In other cases, compliance is in good faith but not enough to make a pedestrian facility really usable—because complete compliance would entail a much larger project. This can be found when a broken-down sidewalk, or one with obstructions in the way, gets brand-new corner curb ramps but no other improvements. A wheelchair user can easily get up off the street at the corner, but can’t go farther than 10 feet without hitting another impediment.
Safety: A Step Further, But What Is Still Lacking?
In the middle of the pyramid, you have safety—both perceived and actual. It is possible to create a facility that is compliant but does not seem very safe. Picture sparkling new curb ramps to cross a 45-mph surface street with no marked crosswalk. In other cases, facilities are well-designed and safe, but may still not be dignified.
An example of this is in my own backyard, on Hennepin County’s Nicollet Avenue. A very-welcome project last year installed new crosswalks to popular Augsburg Park.

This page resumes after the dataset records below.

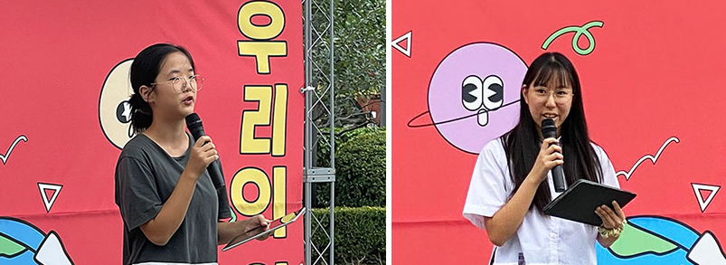 행사의 진행을 맡은 Y-틴 전국협의회의 회장 김민선과 대구Y-틴 홍혜진은 “우리 청소년이 생각하고 느낀 기후위기를 우리의 언어로 표현하겠다”며 기후정의라는 다소 무거울 수 있는 주제를 “이번 축제에서 재미있게 풀어나가겠다”고 전했다.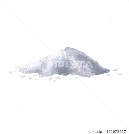 Sea salt scattered. Heap of table salt. Hand drawn watercolor isolated illustration of skin care product or cooking ingredient. Pile of body care scrub. Drawing of eco mineral cosmetic for spa design.
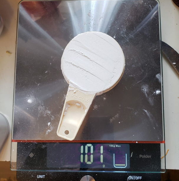 The important thing here to talk about why you should stop using measuring cups in your baking. This is a pretty basic maxim of professional chefs/cooks, so if this is the first time you’re hearing about it, let me DEMONSTRATE why people say to do so. Cooking is, at its fundamentals, a matter of ratios, so being consistent in your ratios is important. So if you just scoop one half cup of flour in the 1/2 cup itself and level it off with knife, you get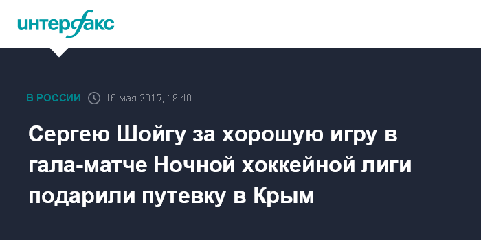 Москва. 16 мая. INTERFAX.RU - Министр обороны Сергей Шойгу как лучший игрок гала-матча Ночной хоккейной лиги получил приз в виде путешествия в Крым.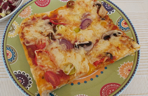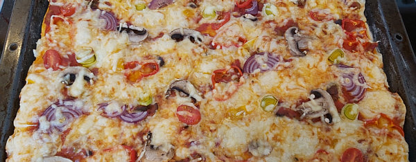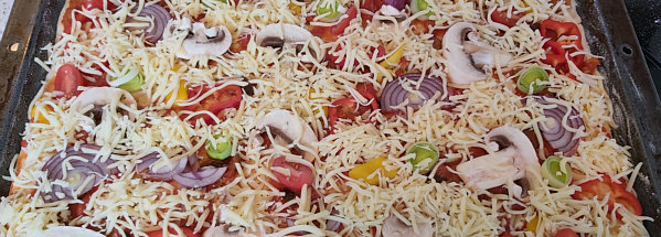Bei mir waren es Champignons, gelbe und rote Paprika, kleine Tomaten, Lauch,

These have durable crosswalk markings, excellent signage, and refuge medians. But crossing still feels like a negotiation with drivers. And the overall sidewalk experience on the 1950s street is still lacking, with sidewalks at the back-of-curb and little to no shade.
Dignity: Making Walking Feel Right
Finally, we have dignity. To determine whether a facility is dignified, I propose a simple test:
If you were driving past and saw a friend walking or rolling there, what would your first thought be:
“Oh, no, Henry’s car must have broken down! I better offer him a ride.”

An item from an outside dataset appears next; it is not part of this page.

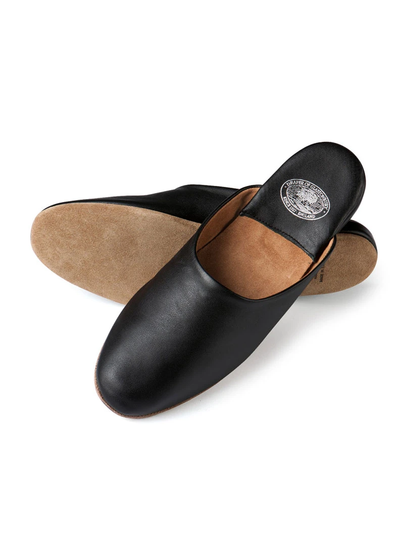 Feinstes, weiches Kalbsleder bildet die Grundlage für diese typisch britischen, exklusiven Hausschuhe von Draper of Glastonbury. Die sehr flexible Lederlaufsohle sowie die gepolsterte Innensohle sorgen für allerbeste Trageeigenschaften. Der Slipper ist innen komplett ledergefüttert. Farbe: Schwarz. Made in England. Original Draper of Glastonbury.

“Oh, looks like Henry’s out for a walk! I should text him later.”
This is a surprisingly good test. Picture seeing your friend on a leafy sidewalk versus walking along a 45 mph suburban arterial. What would you think intuitively?

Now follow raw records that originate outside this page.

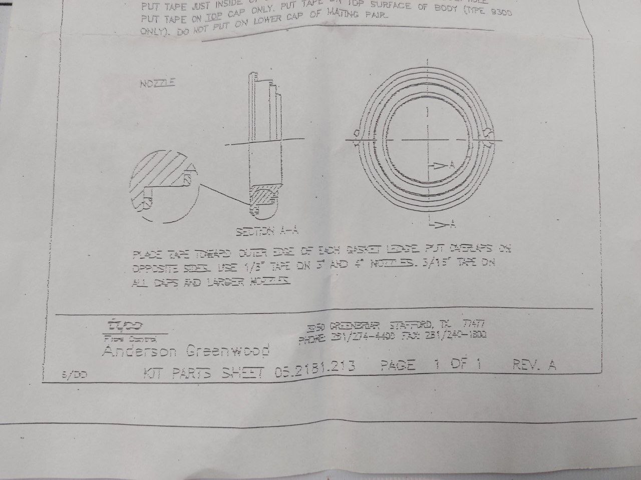 Tyco Soft Goods Kit Teflon Tape Gasket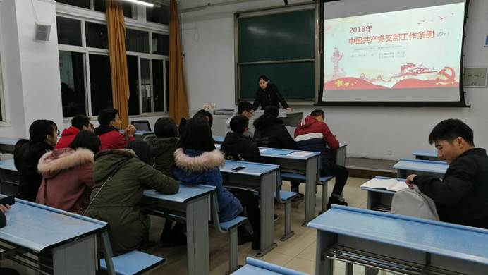 为加强基层党支部建设,推进党支部标准化、规范化建设,充分发挥支部的战斗堡垒作用,2018年11月29日硕士17级第一党支部和第二党支部在X2434教室集中学习了《中国共产党支部工作条例(试行)》。本次活动由第一党支部书记杨天旻同志主持。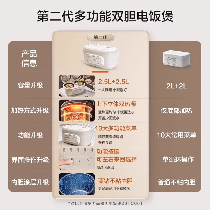 苏泊尔电饭煲蓝钻不粘双胆1-2人

But to get more specific, these are the key factors in making a pedestrian experience dignified:
Shade and light.
Convenience.
Enclosure and proportions.
Engagement.
Shade and Light
A dignified facility needs consistent shade during hot summer months. At night, shadows should be minimal and the route should be clear. Especially when a tree canopy is present, this is best achieved with more individual fixtures installed lower to the ground and at a lower light output. However, a fairly consistent light level can be achieved even with basic cobraheads, as long as there are enough to light the corridor fully.
Convenience
Routes should be intuitive, easy, and not feel tedious to navigate. Having to make sharp, 90° turns or go out of your way feels awkward and makes you feel like your time and effort are wasted—even if the detour is relatively minor.
Enclosure and Proportions
It’s a very uncomfortable experience to walk along a wide-open corridor with no walls or edge definition—and it’s a common experience along suburban arterials, where you may have a wide road on one side and a wide-open parking lot on the other. You feel exposed and vulnerable. At the same time, overgrown sidewalks or ones that encroach on pedestrian space can feel claustrophobic and inconvenient. The right balance is needed.
Engagement
Finally, engaging frontage is always more appealing than blank frontage. The extreme of this principle is obvious: Walking down a traditional main street is more pleasurable than walking through an industrial park. But even where land uses are similar, engagement of frontage can vary a lot: picture the difference between walking past the front doors of houses in a traditional neighborhood, and walking past privacy fences and back yards in cul-de-sac suburban neighborhoods. The traditional neighborhood is more interesting and engaging to walk through.
When I was visiting downtown Northfield, I noted a new building along Water Street (MN-3), which had similar materials to the older downtown buildings on Division: windows, brick, and (cultured) stone base. Yet the back was turned to the street, and the experience of walking past was undignified.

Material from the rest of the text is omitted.